Kanserden daha büyük dert olan, adaletsizliklere, kahpeliklere teslim olmadım ki kansere teslim olayım.

Her ne kadar belli mahfillerde 'geberse de kurtulsak' gibi temennilerde bulunanlar, temenilerini bana dolaylı yoldan duyurmayı başarsalar da aldırdığım yok.

Yukarıda söylediğim gibi Allah'ın dediği olur. Sevenlerimizin duası, sevmeyenlerimizin nefretini boğacaktır. Ben bundan eminim. Onlar sadece beni değil bir nesli, bir sevdayı dert sahibi yaptılar, işte bu yüzden beni öldürseler bile yazdıklarımı öldüremeyecekler, destanlarıma gücü yetmeyecek onların...

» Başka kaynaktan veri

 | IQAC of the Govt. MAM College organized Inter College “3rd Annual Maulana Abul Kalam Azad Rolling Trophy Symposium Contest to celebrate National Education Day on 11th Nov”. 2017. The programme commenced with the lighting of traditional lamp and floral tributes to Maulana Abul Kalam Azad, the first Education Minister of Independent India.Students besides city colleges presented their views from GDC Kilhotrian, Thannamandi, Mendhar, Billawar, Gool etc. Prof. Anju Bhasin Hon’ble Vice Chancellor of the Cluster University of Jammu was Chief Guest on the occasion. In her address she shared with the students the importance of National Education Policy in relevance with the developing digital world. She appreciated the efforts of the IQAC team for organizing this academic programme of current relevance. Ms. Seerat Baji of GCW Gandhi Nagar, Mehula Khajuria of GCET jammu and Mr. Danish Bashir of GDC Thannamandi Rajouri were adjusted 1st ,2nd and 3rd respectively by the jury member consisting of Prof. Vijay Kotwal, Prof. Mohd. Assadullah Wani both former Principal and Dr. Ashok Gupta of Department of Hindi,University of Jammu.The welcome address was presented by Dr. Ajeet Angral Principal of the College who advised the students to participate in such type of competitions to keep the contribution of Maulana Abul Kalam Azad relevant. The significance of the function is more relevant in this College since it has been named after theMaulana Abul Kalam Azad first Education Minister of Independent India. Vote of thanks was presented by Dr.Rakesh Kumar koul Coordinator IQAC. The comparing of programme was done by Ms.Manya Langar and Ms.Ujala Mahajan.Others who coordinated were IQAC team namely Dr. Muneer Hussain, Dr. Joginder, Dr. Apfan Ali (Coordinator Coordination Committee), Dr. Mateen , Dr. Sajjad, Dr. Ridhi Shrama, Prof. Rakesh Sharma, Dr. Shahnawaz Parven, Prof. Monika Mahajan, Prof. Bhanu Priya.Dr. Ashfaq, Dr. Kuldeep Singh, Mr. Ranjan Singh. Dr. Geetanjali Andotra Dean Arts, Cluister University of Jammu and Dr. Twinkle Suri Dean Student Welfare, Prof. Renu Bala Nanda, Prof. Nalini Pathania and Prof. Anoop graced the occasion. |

Hakkı bırakıp güya devletten yana, (hatta hakiki devletten yana) tavır koyduğunu sanan Hızır Paşa’lar yaşamıyor, lakin Pir Sultan yazdıklarıyla, söyledikleriyle bugün hala yaşıyor bunu akıllarından çıkarmasınlar.

Sadece üzüntüm; Bu sene artık gidebilirim, oraya gelen ülküdaşlarımla kucaklaşırım dediğim Erciyes’e büyük ihtimalle gidemeyecek olmam. Tedavim dolayısıyla bu arzum bu sene de olmayacak herhalde. Ama ben biliyorum ki, ben gidemesem de, benim ülküdaşlarım Tekir Yaylası'nı boş bırakmaz, hiç bir faliyet yaptırmasalar bile orada buluşup, çimenin yüzüne oturup birbirleriyle fikirleşirler...

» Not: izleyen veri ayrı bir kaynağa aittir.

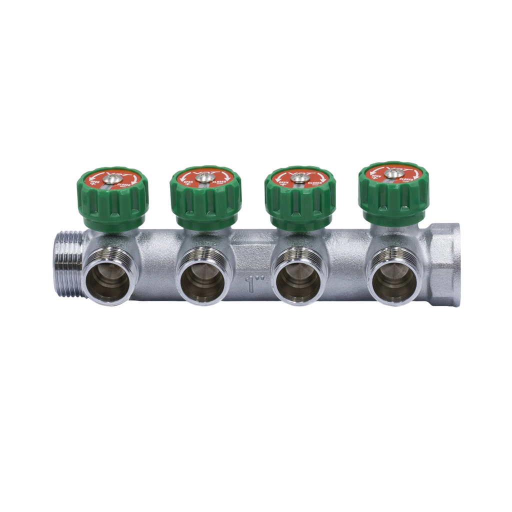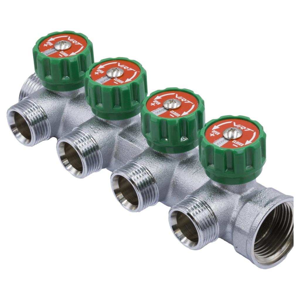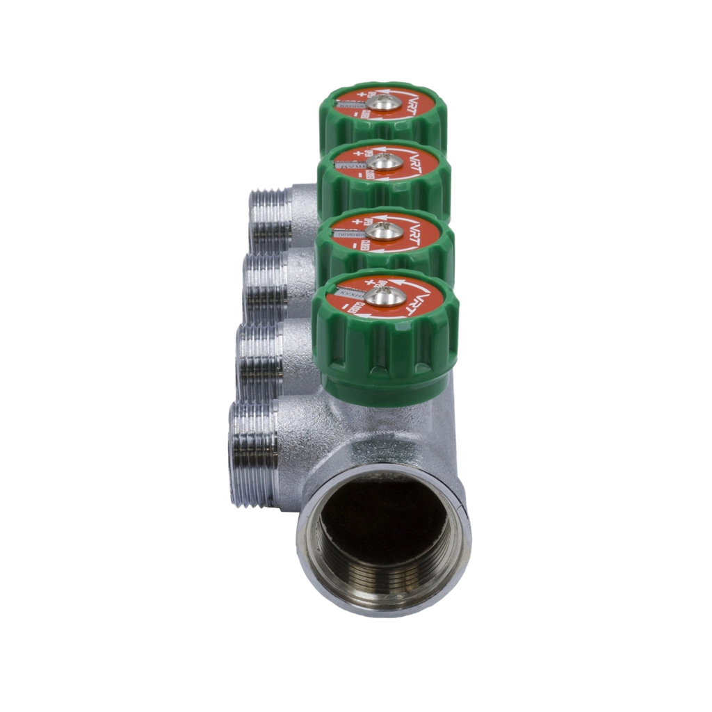 Коллектор 1''x3/4'' (евроконус) с регулировочными вентилями для подачи водоснабжения VRT (4 вых)

O yaylada Başbuğlu günlerimizi hayal etmek bile yeter onlara... Gitseler de gitmeseler de gönlü orada olacak olan bütün gönüldaşlarıma selam olsun."

TÜRKEŞ MANEVİ OĞLUM DERDİ

Başbuğ Alparslan Türkeş, Türk milletinin cesur sesi Ozan Arif'e "manevi oğlum" derdi. İkilinin arası, Türkeş'in vefatına kadar hiçbir zaman bozulmadı. 

 

ALPARSLAN TÜRKEŞ İÇİN YAZMIŞTI

Ozan Arif, Türkeş'in 4 Nisan 1997'deki vefatından sonra kaleme aldığı şiiri ise milyonları hüzne boğmuştu.

Dört nisan doksanyedi, alelade gün değil, 
Kara günsün, kara gün bu bir gerçek, kin değil, 
O kadar karasın ki tarifin mümkün değil 
Başbuğ’ un başımızdan çekildiği günsün sen, 
Dünyanın başımıza yıkıldığı günsün sen!

ozan-arif-başbuğ.jpg

Çekildiği diyorum, sor bana hele niye? 
Çünkü dilim varmıyor ona öldü demeye, 
Varmasa da mecburum, mecburum söylemeye 
Bize yetim gözüyle bakıldığı günsün sen, 
Dünyanın başımıza yıkıldığı günsün sen!

Çok acılar görmüştüm, ama bu kadar derin 
Olanı görmemiştim, bu da senin eserin 
O kara akşamında, kapkara bir haberin, 
Beynime kurşun gibi sıkıldığı günsün sen, 
Dünyanın başımıza yıkıldığı günsün sen!

Belki senin suçun yok, belki benimki hata, 
Her can günün birinde göz yumacak hayata, 
Fakat sen bir başkasın, sen varya sen, adeta, 
Ciğerimin yerinden söküldüğü günsün sen, 
Dünyanın başımıza yıkıldığı günsün sen!

Altaylar’ dan Tuna’ ya libas giymiş hüzünden, 
Özünden ağlıyor bak, bütün Turan özünden. 
Müslüman Türk evladı olanların gözünden, 
Yaş yerine kanların döküldüğü günsün sen, 
Dünyanın başımıza yıkıldığı günsün sen!

Başbuğ Türkeş yok artık, bulabilmek imkansız 
Herkesin acısını bilebilmek imkansız, 
Her yüreğe tercüman olabilmek imkansız, 
Her yürekte bir ağıt yakıldığı günsün sen 
Dünyanın başımıza yıkıldığı günsün sen!

Türkeş gibi bir lider ne çıkmıştır, ne çıkar 
Yıkar onun acısı, Arif ’ i artık yıkar 
Ateşin kanunudur düştüğü yeri yakar, 
Bozkurtların boynunun büküldüğü günsün sen, 
Dünyanın başımıza yıkıldığı günsün sen!